Disk also has its own way to speed up. Even though we use fsync() in our code, it doesn’t mean the data already written to the disk safely.

Calling fsync() does not necessarily ensure that the entry in the
directory containing the file has also reached disk. For that an
explicit fsync() on a file descriptor for the directory is also
needed.

Different kind of caches lookup

The data search policy in cache is quite straightforward. We search the data from the top to the bottom. Let’s dive into the deep to see how a computer actually looks up the data in the cache. There is three popular way to do this nowadays. Set Associative, Fully Associative and Direct Mapped. Luckily, the last two just a special case of Set Associative (Direct Mapped ≈ 1-way set Associative, Fully Associative ≈ N-way set associative). Here is a small 256 bytes cache which divides by four lines, every line contains 64 bytes (We call it 2-way 2 set associative because we have 2 sets and each set contains 2 lines in the cache).

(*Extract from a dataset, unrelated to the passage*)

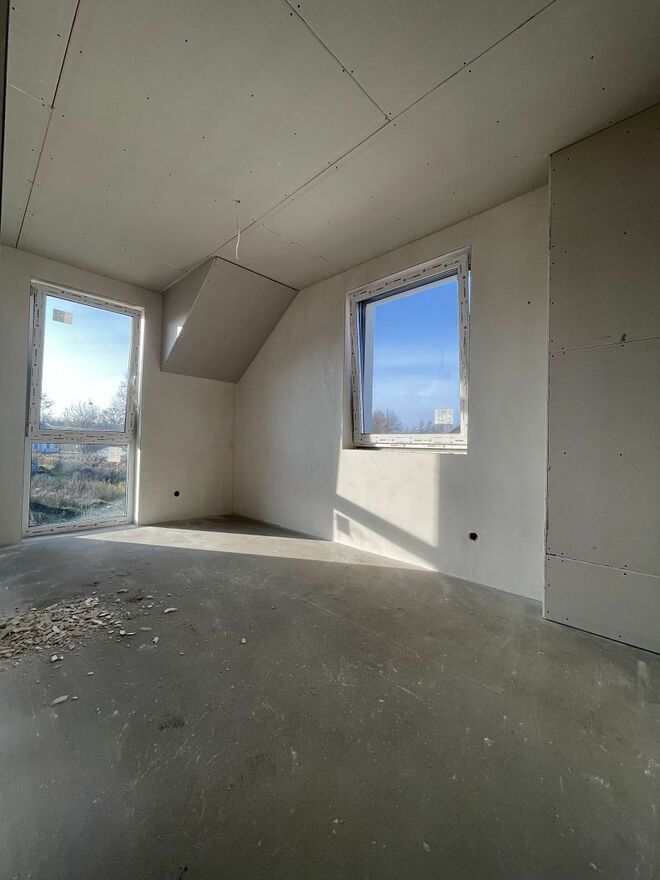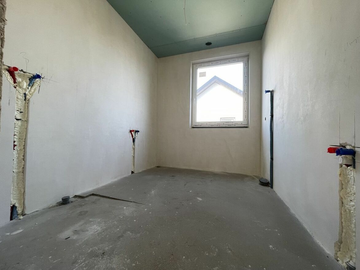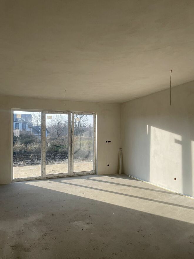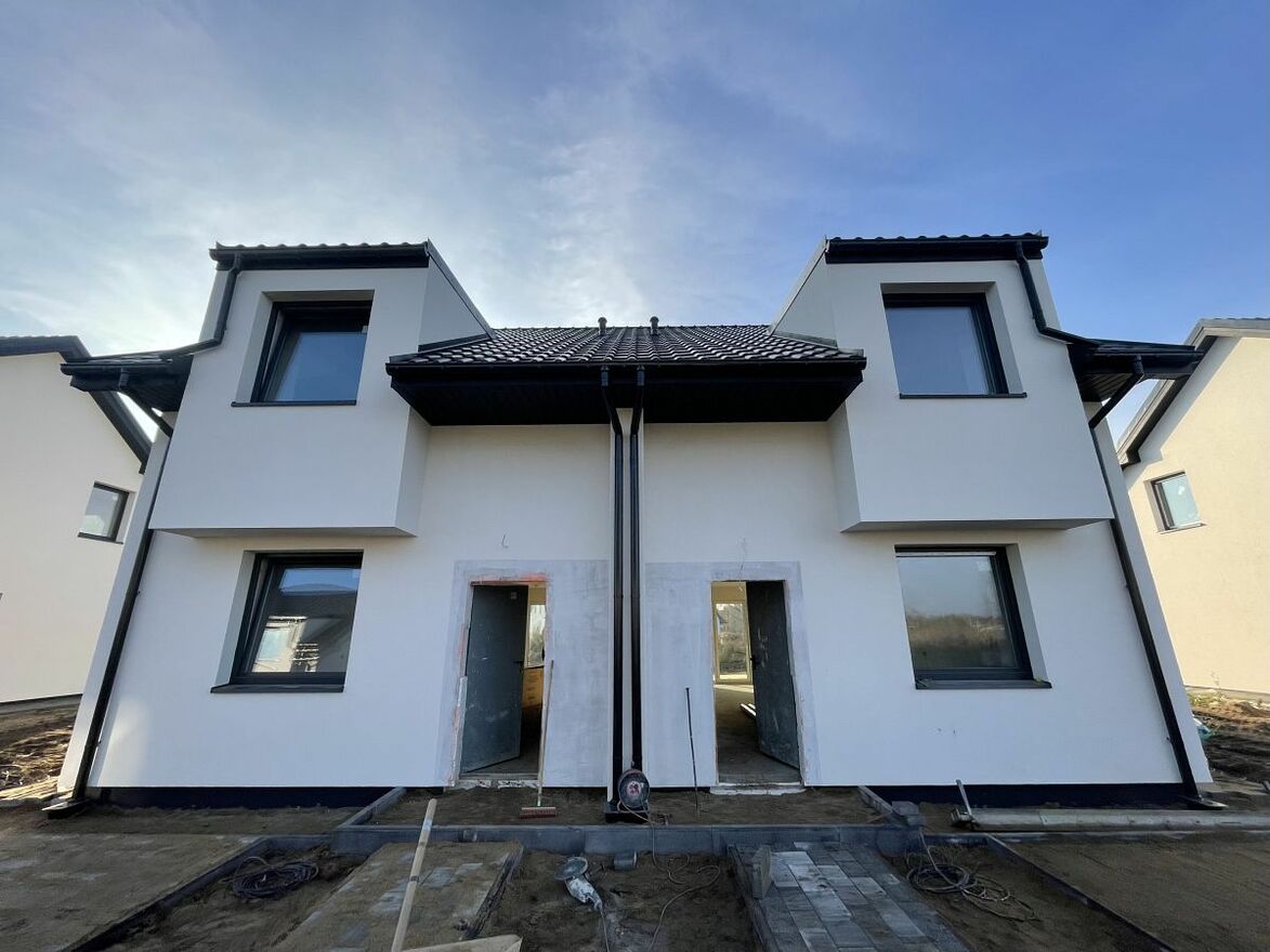 Dom bliźniaczy wybudowany w 2025 r. Wykonany z betonu komórkowego, ocieplony styropianem, elewacja wykończona tynkiem silikonowym. Dach dwu spadowy z lukarnami, pokryty dachówką ceramiczną. Zamontowana pompa ciepła, oraz szambo. Wstawione okna trzy szybowe. Wokół budynku wyłożona kostka brukowa. Gminna woda, gaz i energia podłączone do budynku. Działka o powierzchni 500 m2, możliwość wykonania tarasu, aranżacji ogrodu i postawienia domku gospodarczego. Przed budynkiem miejsce postojowe.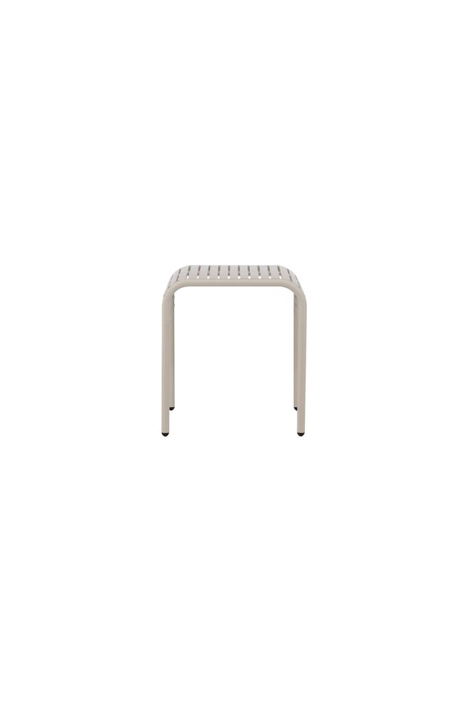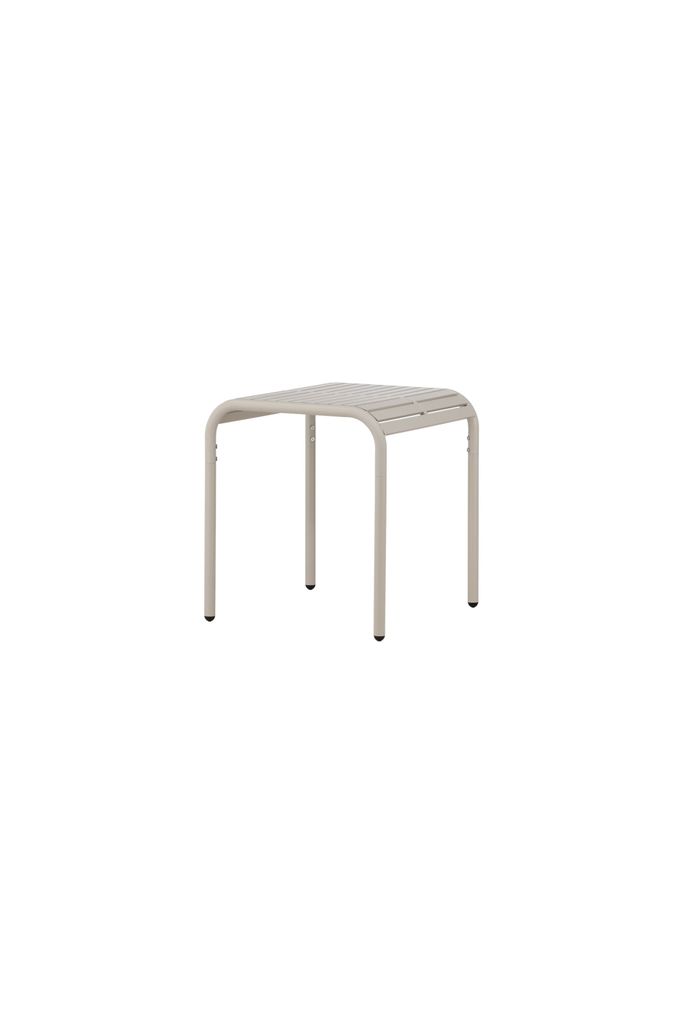 Elegant cafébord i beige aluminium med tidlös skandinavisk design. Perfekt för uteplatsen.

When we want to read data from OxFF01 (Ob1111111100000001 in binary), First we divide the address into a different part

The first part is the tag number, every line in the cache also has its own tag number, when the tag number in the address matches the one in the cache, that means we found the correct address to read/write data. The second part is set index used to identify which set the address belongs to. The last part is the data offset in the line. The search policy is quite simple:

Search the set in the cache depend on the address’s set index ( which is 0 in this case).
Search if the tag number in the lines belongs to the set. If yes, (in our case cache hit) return the data depends on data offset. If no, cache miss.

We used a 2-way 2 sets associative in this example, Can we do better than it? Well, first let’s imagine, if we only use one set for the cache.

we have to compare the tag number in each line from the top to bottom which would be slow in large cache. This is how Fully Associative works. Second, it looks like the search would be faster with more and more set. How about we create n set which n equals to the number of lines.

Great idea! This leads us to Direct Mapped, Direct Mapped is the quickest way to search data in the cache. However, there is a problem here, as we know, the cache is always smaller than the storage. If the storage is 10 times bigger than the cache. 10 locations in the storage will map to the same location. When we write data to the location, there is a high probability that we have to overwrite other useful data which map to the same lines. The problem will get worse when the storage is much bigger than the cache.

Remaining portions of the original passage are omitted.